Converting and customizing Markdown files to HTML with Unified, remark & rehype
Pedro F Marquez
Posted on September 12, 2022
Hosting your own blog is the kind of thing that every software developer wants to do. It's usually cheaper, you have control over your data, and you have the option to monetize it.
Whether you're a web developer or not, writing HTML can be cumbersome if you want to post fairly often. Most of the time you will want to focus on the content of your post, not on the code quality of the web page you're building to host it.

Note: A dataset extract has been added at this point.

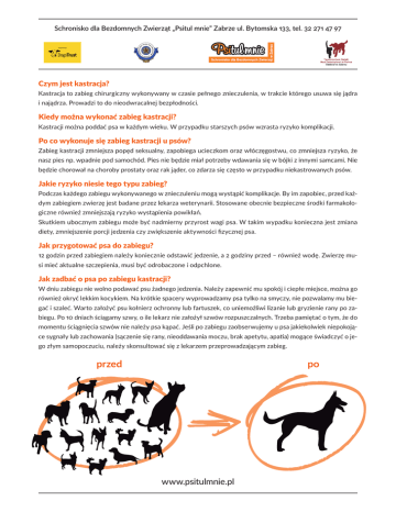 Schronisko dla Bezdomnych Zwierząt „Psitul mnie” Zabrze ul. Bytomska 133, tel. 32 271 47 97 Czym jest kastracja? Kastracja to zabieg chirurgiczny wykonywany w czasie pełnego znieczulenia, w trakcie którego usuwa się jądra i najądrza. Prowadzi to do nieodwracalnej bezpłodności. Kiedy można wykonać zabieg kastracji? Kastracji można poddać psa w każdym wieku. W przypadku starszych psów wzrasta ryzyko komplikacji. Po co wykonuje się zabieg kastracji u psów? Zabieg kastracji zmniejsza popęd seksualny, zapobiega ucieczkom oraz włóczęgostwu, co zmniejsza ryzyko, że nasz pies np. wpadnie pod samochód. Pies nie będzie miał potrzeby wdawania się w bójki z innymi samcami. Nie będzie chorował na choroby prostaty oraz rak jąder, co zdarza się często w przypadku niekastrowanych psów. Jakie ryzyko niesie tego typu zabieg? Podczas każdego zabiegu wykonywanego w znieczuleniu mogą wystąpić komplikacje. By im zapobiec, przed każdym zabiegiem zwierzę jest badane przez lekarza weterynarii. Stosowane obecnie bezpieczne środki farmakologiczne również zmniejszają ryzyko wystąpienia powikłań. Skutkiem ubocznym zabiegu może być nadmierny przyrost wagi psa. W takim wypadku konieczna jest zmiana diety, zmniejszenie porcji jedzenia czy zwiększenie aktywności fizycznej psa. Jak przygotować psa do zabiegu? 12 godzin przed zabiegiem należy koniecznie odstawić jedzenie, a 2 godziny przed – również wodę. Zwierzę musi mieć aktualne szczepienia, musi być odrobaczone i odpchlone. Jak zadbać o psa po zabiegu kastracji? W dniu zabiegu nie wolno podawać psu żadnego jedzenia. Należy zapewnić mu spokój i ciepłe miejsce, można go również okryć lekkim kocykiem. Na krótkie spacery wyprowadzamy psa tylko na smyczy, nie pozwalamy mu biegać i szaleć. Warto założyć psu kołnierz ochronny lub fartuszek, co uniemożliwi lizanie lub gryzienie rany po zabiegu. Po 10 dniach ściągamy szwy, o ile lekarz nie założył szwów rozpuszczalnych. Trzeba pamiętać o tym, że do momentu ściągnięcia szwów nie należy psa kąpać. Jeśli po zabiegu zaobserwujemy u psa jakiekolwiek niepokojące sygnały lub zachowania (sączenie się rany, nieoddawania moczu, brak apetytu, apatia) mogące świadczyć o jego złym samopoczuciu, należy skonsultować się z lekarzem przeprowadzającym zabieg. przed po www.psitulmnie.pl Towarzystwo Opieki nad Zwierzętami w Polsce / Oddział w Zabrzu Czym jest sterylizacja? Sterylizacja to zabieg chirurgiczny wykonywany w czasie pełnego znieczulenia, w trakcie którego usuwa się jajniki, jajowody i macicę. Prowadzi on do nieodwracalnej bezpłodności. Kiedy można wykonać zabieg sterylizacji? Zabiegowi sterylizacji można poddać sukę w każdym wieku. Ważne, aby w czasie sterylizacji nie miała cieczki. Po co wykonuje się zabieg sterylizacji u suk? – U suki nie występuje cieczka, co zabezpiecza przed niechcianymi szczeniakami, a w konsekwencji zmniejsza populację i tak licznej już grupy bezdomnych psów. – Zabieg chroni naszą sukę przed chorobami narządów rodnych typu ropomacicze, nowotwory jajników, nowotwory sutków. – Po zabiegu u suki nie występuje ciąża urojona, której objawy są bardzo uciążliwe dla właścicieli (suka gromadzi przedmioty, zabawki do legowiska i nie pozwala do niego podejść, ponieważ traktuje je jak swoje młode). Czy można sterylizować zwierzę, jeśli podejrzewamy, że jest w ciąży? Ciąża nie jest przeciwwskazaniem do zabiegu sterylizacji. Sterylizacja aborcyjna niesie za sobą większe ryzyko podobne do cesarskiego cięcia, ale pod okiem specjalisty nie powinno się nic złego wydarzyć. Jakie ryzyko niesie tego typu zabieg? Podczas każdego zabiegu wykonywanego w znieczuleniu mogą wystąpić komplikacje. By im zapobiec, przed każdym zabiegiem zwierzę jest badane przez lekarza weterynarii. Stosowane obecnie bezpieczne środki farmakologiczne również zmniejszają ryzyko wystąpienia powikłań. Skutkiem ubocznym zabiegu może być nadmierny przyrost wagi suki. W takim wypadku konieczna jest zmiana diety, zmniejszenie porcji jedzenia czy zwiększenie aktywności fizycznej suki. Bardzo rzadko może wystąpić nietrzymanie moczu, który to problem pozwolą uregulować odpowiednie leki. Czy to prawda, że suka powinna mieć przynajmniej raz w życiu szczenięta? Nieprawda!!! Nie ma medycznych dowodów na to, żeby suka musiała mieć młode. Ciąża nie uchroni jej przed chorobami narządów rodnych, a może je nasilić. Ponadto bardzo często szczenięta rzekomo oddane w „dobre ręce” trafiają do już przepełnionych schronisk. Jak przygotować suczkę do zabiegu? 12 godzin przed zabiegiem należy koniecznie odstawić jedzenie, a 2 godziny przed – również wodę. Zwierzę musi mieć aktualne szczepienia, musi być odrobaczone i odpchlone. Suka nie może być w trakcie cieczki ani krótko po. Jak zadbać o sukę po zabiegu sterylizacji? W dniu zabiegu nie wolno podawać żadnego jedzenia. Należy zapewnić jej spokój i ciepłe miejsce, można ją również okryć lekkim kocykiem. Na krótkie spacery wyprowadzamy sukę tylko na smyczy, nie pozwalamy jej biegać i szaleć. Warto założyć suce kołnierz ochronny lub fartuszek, co uniemożliwi lizanie lub gryzienie rany po zabiegu. Po 10 dniach ściągamy szwy, o ile lekarz nie założył szwów rozpuszczalnych. Trzeba pamiętać, że do momentu ściągnięcia szwów nie należy psa kąpać. Jeśli po zabiegu zaobserwujemy u psa jakiekolwiek niepokojące sygnały lub zachowania (sączenie się rany, nieoddawania moczu, brak apetytu, apatia) mogące świadczyć o jego złym samopoczuciu, należy skonsultować się z lekarzem przeprowadzającym zabieg. www.psitulmnie.pl

Here, Markdown is a great tool to speed up your blog posting capabilities.
Markdown
Markdown defines a set of rules that indicate what kind of formatting text should have. The following are some of the most basic rules:
Element | Markdown Syntax | Example |
---|---|---|
Heading | # H1 ## H2 ### H3 |
H1 H2 H3 |
Bold | **bold text** | bold text |
Italic | *italicized text* | italicized text |
Blockquote | > blockquote | (Adds a quote container) |
Ordered List | 1. First item 2. Second item 3. Third item | First item Second item Third item |
Unordered List | - First item - Second item - Third item | First item Second item Third item |
Code | code\ |
code |
Horizontal Rule | --- | |
Link | [title](https://www.example.com) | title |
Image | ![alt text](image.jpg) | (displays image.jpg) |
Markdown makes it easy to write formatted text. For instance, the following snippet of Markdown:
# Welcome to my blog!
Start with the [first article](/blog/2022/9/markdown-to-html)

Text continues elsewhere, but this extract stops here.